What you need to do: There are pictures in the records below; leave them out and set down exactly the lines from the one holding "Om even op de" through the one holding "상위 트레이더 기준 종목별".

Data items:
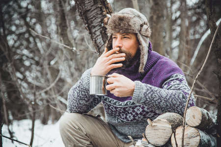 Bearded man drinking tea in the forest. Bearded woodcutter at rest in winter.
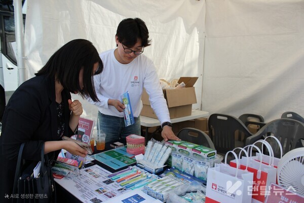 구강위생용품 설명 부스에서는 첨단칫솔, 삼면칫솔 등 다양한 구강관리 도구 사용법을 안내하며 실생활에 도움이 되는 구강건강 정보를 제공했다.
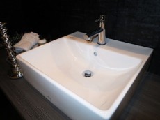 バスルーム。デザインにこだわりながらも、文明の利器・浴室換気乾燥機が
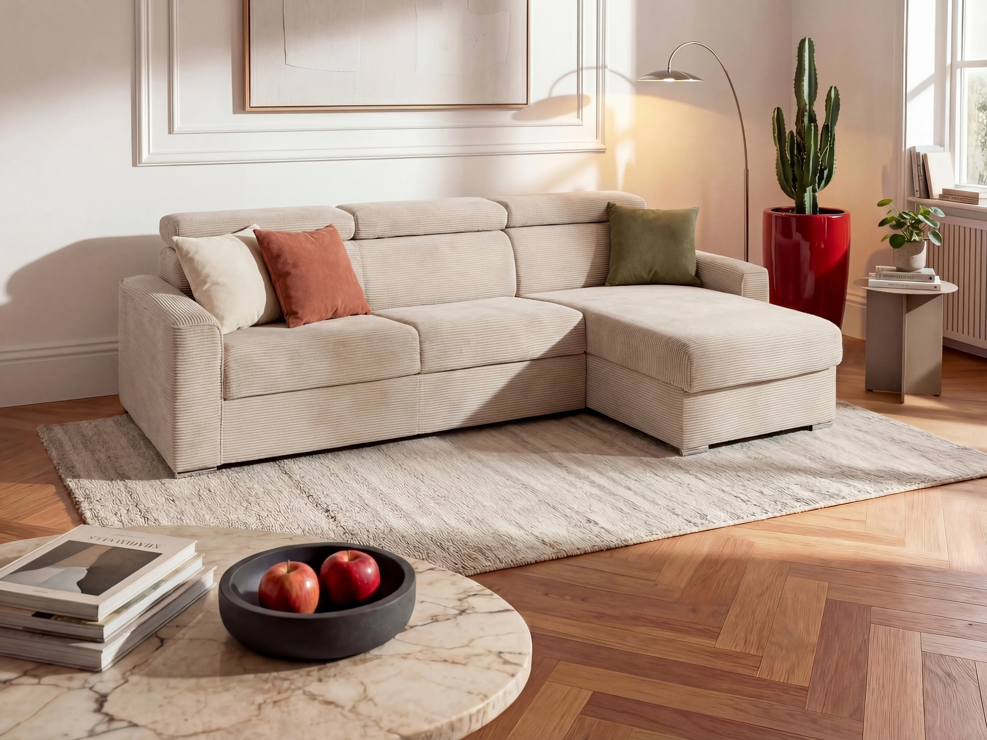 Omkeerbare express-hoekslaapbank van beige ribfluweel - Bed 160 cm - Matras 22 cm - VIZIR
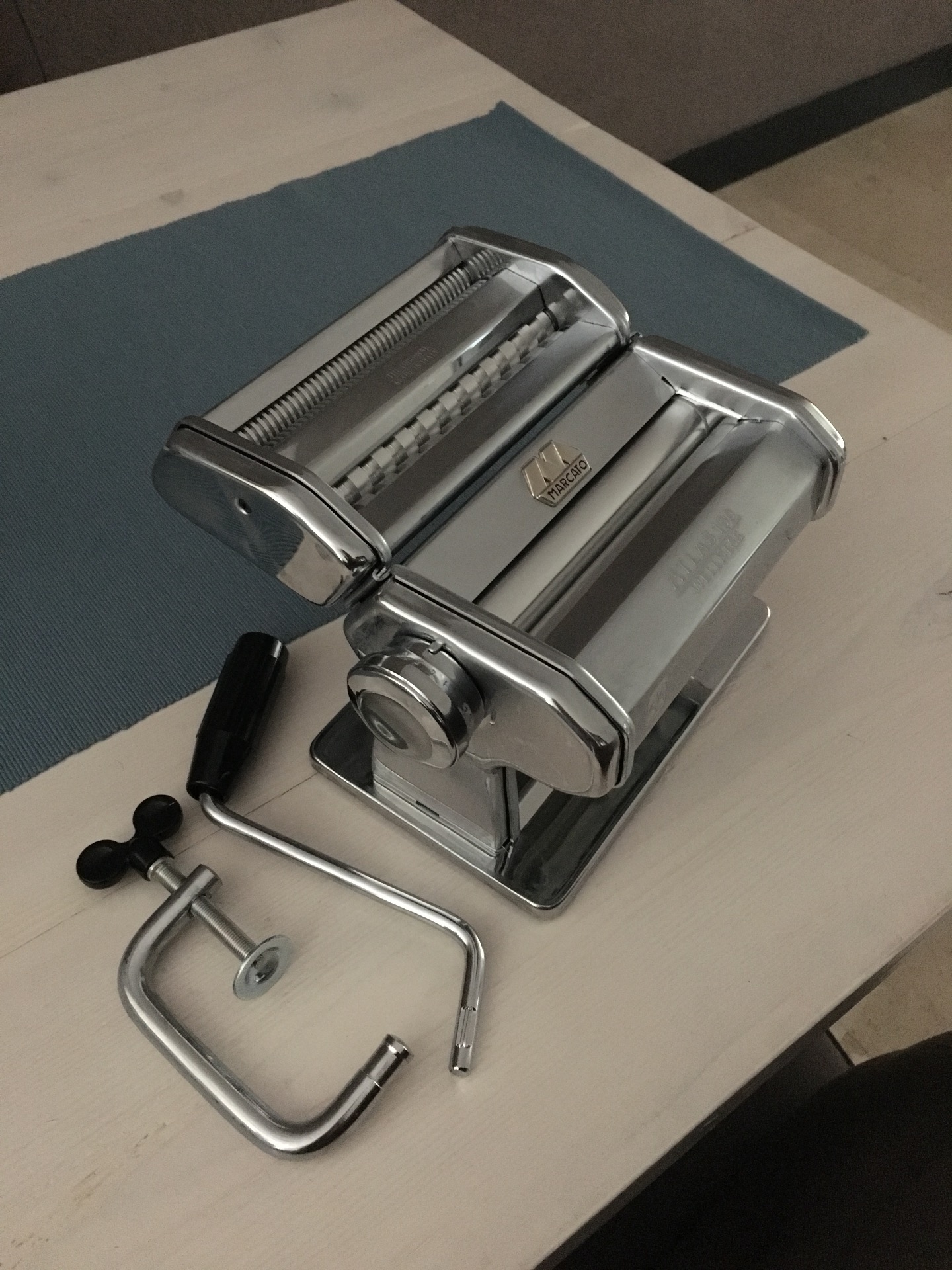 Om even op de Italiaanse toer te blijven heb ik meteen een recept gepakt om te bloggen dat ik zelf een uitdaging vind. We wilden al een tijd verse pasta zelf maken, maar wij wisten dat goeie apparatuur altijd licht(er) werk maakt. Dus zijn we eerst op zoek gegaan naar de – in onze optiek – beste pastamachine qua prijskwaliteit. Na een tijdje googelen zijn we gestuit op de Atlas 150 Wellness van Mercato. Wow, dat is een hele mond vol. Indrukwekkend design met goede reviews.
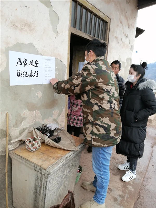 按照“网格式+地毯式”的工作要求,徐鹏和防疫工作队员通过走村入户,对新场村的外出返乡人员、外来人员进行详细摸排,全面掌握人员流入、流出动向,认真做好记录,做到心中有数、不漏一户、不漏一人。对于排查出的39户82人,严格落实居家隔离措施,张贴隔离提示,安排专人做好监控,督促每日上报体温测量情况。
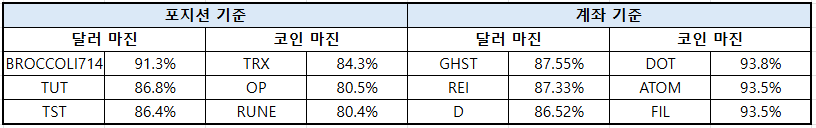상위 트레이더 기준 종목별 포지션 비중을 살펴보면 포지션 기준으로는 달러 마진 시장에서 ▲BROCCOLI714(91.3%) ▲TUT(86.8%) ▲TST(86.4%) 순으로 롱 비중이 높게 나타났다. 코인 마진 시장에서는 ▲TRX(84.3%) ▲OP(80.5%) ▲RUNE(80.4%)가 상위권에 올랐다.
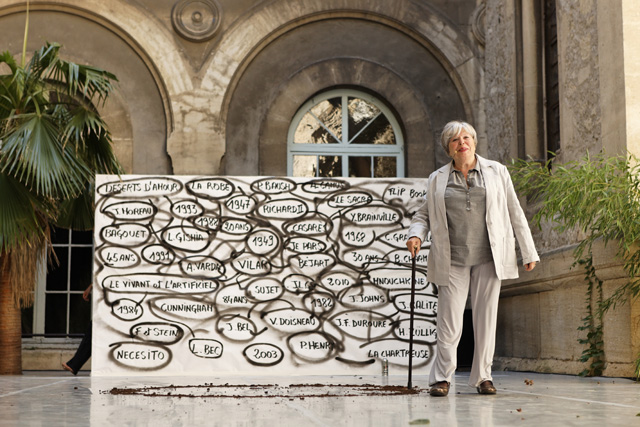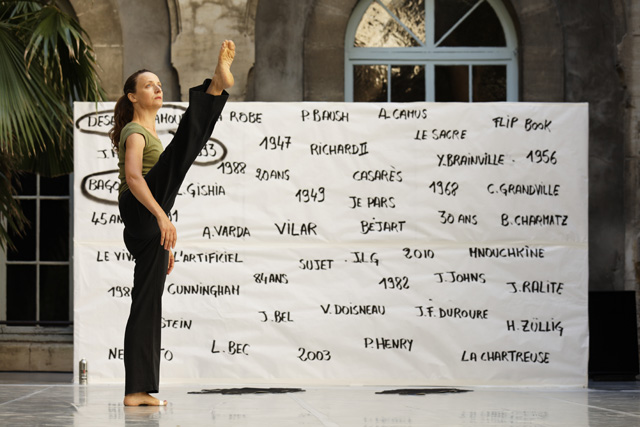 Lycée Mistral (day) academic purple yellow garter Cunningham / Chartreuse de Villeneuve (night) fake mosaic fountain noise Necessito Bagouet / Hospice Saint-Louis (day) crushed chickens dog phrenology apocalyptic cooking Popette / Cour d'honneur (night) cavalcade white mask red mouth Richard II Mnouchkine / Cour d'honneur (day) sun Léon Gischia my mother standing still / Cour d'honneur (night) So Schnell black shorts standing still very made-up chignon / street (day) Unedic [Driving Instructors' Union] your mother Assedic [unemployment insurance] your father This is a movement nothing to cancel / Cour d'honneur (night) Letters from Sarajevo Camille / Jeanne Moreau / Plaza of the Palais des papes (day) subject variation of the elected one the Coronation / Cour d'honneur (night) Richard II my mother large red gown vague gestures/ Jardin de la vierge (day) ma mother, Catherine Richard II Desert of Love / Cour d'honneur (night) Richard II again

Solution to the exercise:
 Om even op de Italiaanse toer te blijven heb ik meteen een recept gepakt om te bloggen dat ik zelf een uitdaging vind. We wilden al een tijd verse pasta zelf maken, maar wij wisten dat goeie apparatuur altijd licht(er) werk maakt. Dus zijn we eerst op zoek gegaan naar de – in onze optiek – beste pastamachine qua prijskwaliteit. Na een tijdje googelen zijn we gestuit op de Atlas 150 Wellness van Mercato. Wow, dat is een hele mond vol. Indrukwekkend design met goede reviews.
 按照“网格式+地毯式”的工作要求,徐鹏和防疫工作队员通过走村入户,对新场村的外出返乡人员、外来人员进行详细摸排,全面掌握人员流入、流出动向,认真做好记录,做到心中有数、不漏一户、不漏一人。对于排查出的39户82人,严格落实居家隔离措施,张贴隔离提示,安排专人做好监控,督促每日上报体温测量情况。
상위 트레이더 기준 종목별 포지션 비중을 살펴보면 포지션 기준으로는 달러 마진 시장에서 ▲BROCCOLI714(91.3%) ▲TUT(86.8%) ▲TST(86.4%) 순으로 롱 비중이 높게 나타났다. 코인 마진 시장에서는 ▲TRX(84.3%) ▲OP(80.5%) ▲RUNE(80.4%)가 상위권에 올랐다.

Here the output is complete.